If CalPERS' new CIO wants to get the giant pension back into VC, she will find it challenging, says a veteran fund adviser, noting CalPERS has a 'reputation for being difficult to deal with.'

This week’s big news that CalPERS hired a new CIO with a pedigree in private markets has venture capitalists asking if the US’s largest public pension will start to invest in venture again.

Nicole Musicco, most recently a partner with RedBird Capital Partners, previously worked for 16 years at Ontario Teachers’ Pension Plan, leading private and public equity investment teams. She then spent another year as head of private markets for Investment Management Corporation of Ontario.

Musicco’s background has industry watchers speculating that she will direct CalPERS to go big on private markets. It has already signaled that it is going that way: last year it increased its PE allocation target from 8 percent to 13 percent of total assets.

What about VC? With nearly $500 billion in assets, CalPERS could single-handedly capitalize hundreds of venture funds. However, it largely started avoiding VC in the early 2010s, with its CIO at the time complaining of poor returns and lack of access to the best funds.

The pension system left a big hole in the market, but the world moved on and other LPs stepped in to fill the void. In fact, so many LPs poured money into VC that it is fair to ask if it really matters if CalPERS continues to sit on the sidelines.

Venture capital funds worldwide raised a record $131.3 billion in 2021, a 46 percent jump from the $89.9 billion they collected the previous year, according to exclusive research by Venture Capital Journal. The number of funds raised last year (649) was the second largest to date and was 24 percent greater than the 522 funds that closed in 2020.

LPs that stuck with VC through the down times have been handsomely rewarded. Venture funds have outperformed private equity and five other strategies based on one-year, three-year, five-year and 10-year IRRs, according to a Q2 2021 report by PitchBook.
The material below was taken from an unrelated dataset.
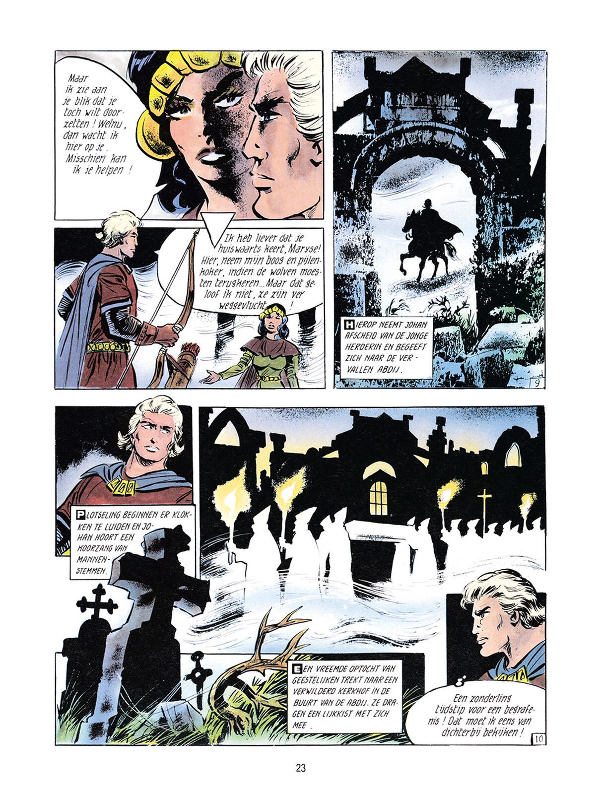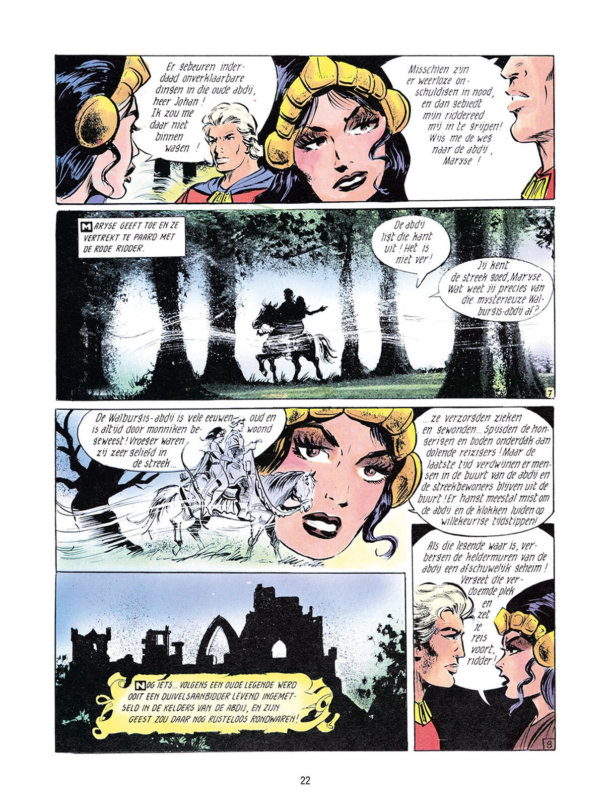 Onvermoeibaar trekt Johan, de Rode Ridder, ten strijde tegen schurken, monsters, heksen, tovenaars, wrede tirannen en boosaardige machten. Een strijd die hij, ondanks de felle tegenstand, steeds met glans weet te winnen. Vanaf album 37, De wilde jacht, kreeg het team achter De Rode Ridder versterking van Karel Biddeloo. In 1969 nam hij definitief de reeks over en verzorgde hij zowel de scenario’s als de tekeningen. Deze integrale bevat Catacomben, Nemesis, De holle aarde, Reis naar Atlantis, Magiërs van Atlantis en De drakenmeester.

Of course, those IRRs have more LPs clamoring to get into VC. In Probitas Partners’ latest annual survey of institutional investors, 54 percent of respondents identified VC as a compelling sector of interest, up from 30 percent of respondents in the 2021 survey.
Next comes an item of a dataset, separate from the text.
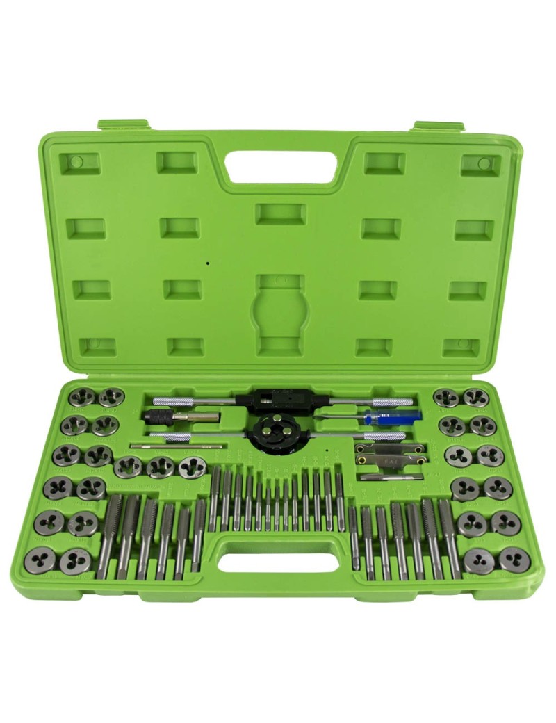 10 machos (métricos): M3x0.5, M4x0.7, M5x0.8, M6x1.0, M7x1.0, M8x1.25, M9x1.25, M10x1.0, M10x1.5, M12x1.75

The resurgence of VC was not lost on CalPERS’ prior CIO, Ben Meng, who said at a board meeting in November 2019: “We are trying to find ways to… get venture capital investment back in our portfolio. But [due to] the fact we have been out of venture for so long, there is some catching up we need to do.”
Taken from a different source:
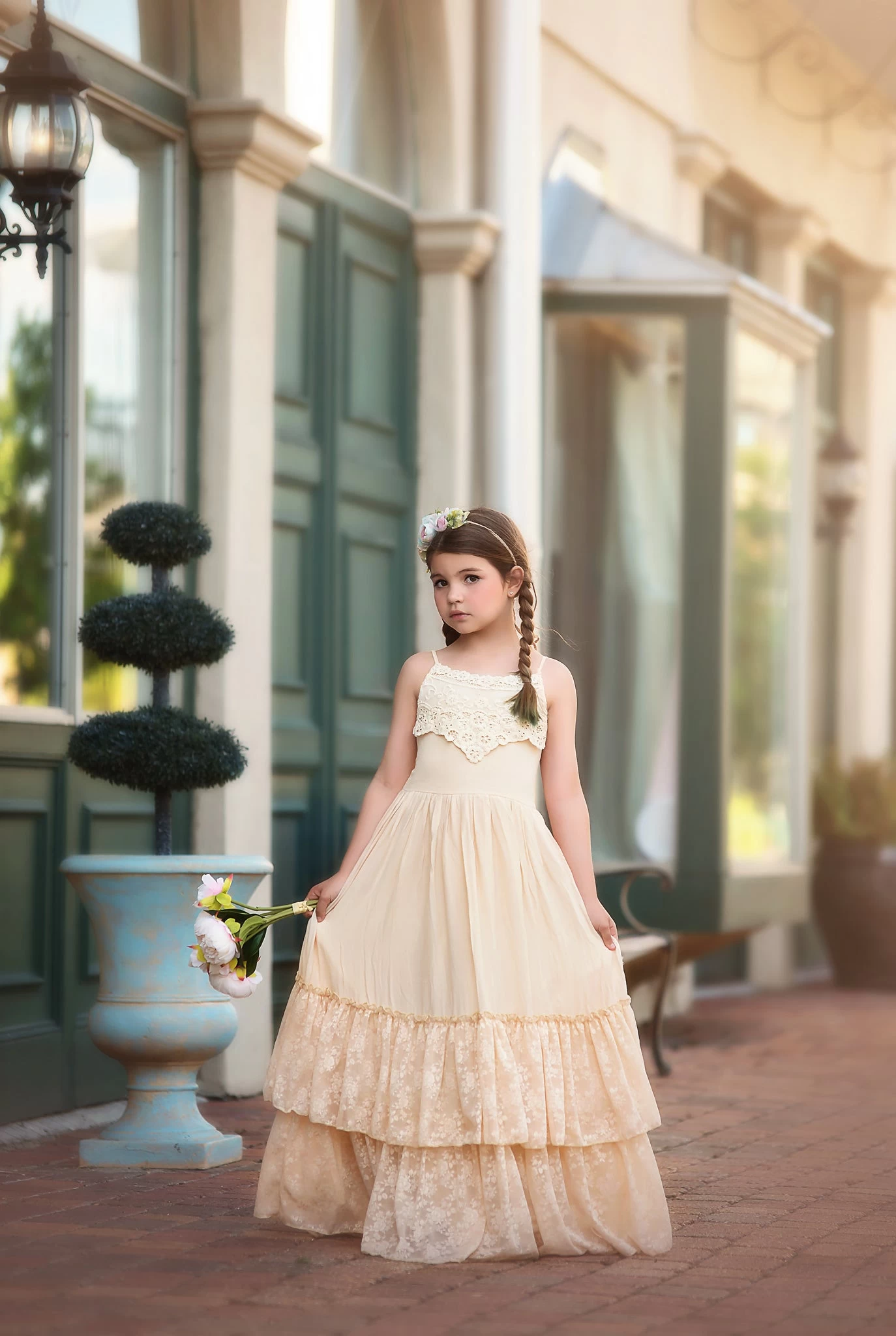 Simply stunning, this gown is just as pretty coming as it is going! This stretch cotton jersey dress will have your girl in a twirl. From the crochet bodice down to the lace ruffled hem, twirl her around to find a sweet tie back, for just the right fit. This soft, stretchy cotton is perfectly comfortable and machine washable.

However, any talk of VC stopped after Meng abruptly departed in August 2020. Will that change now that Musicco is at the helm?

If CalPERs does decide to push into VC, it won’t have the clout it once had. “Many of the large, well-known VCs don’t want CalPERS as an LP because of their public disclosure requirements and because of their reputation for being difficult to deal with,” a veteran fund adviser told me. “They simply don’t need their money.”

As for small, early-stage funds, which make up the bulk of the market, those vehicles don’t make sense for CalPERS because it needs to put large amounts of capital to work, the adviser said.

Where does that leave Musicco? “This is a difficult issue to sort through, and Nicole will have to come up with original ideas to solve it,” the adviser said.

It is only February, but that quote is a leading contender for understatement of the year.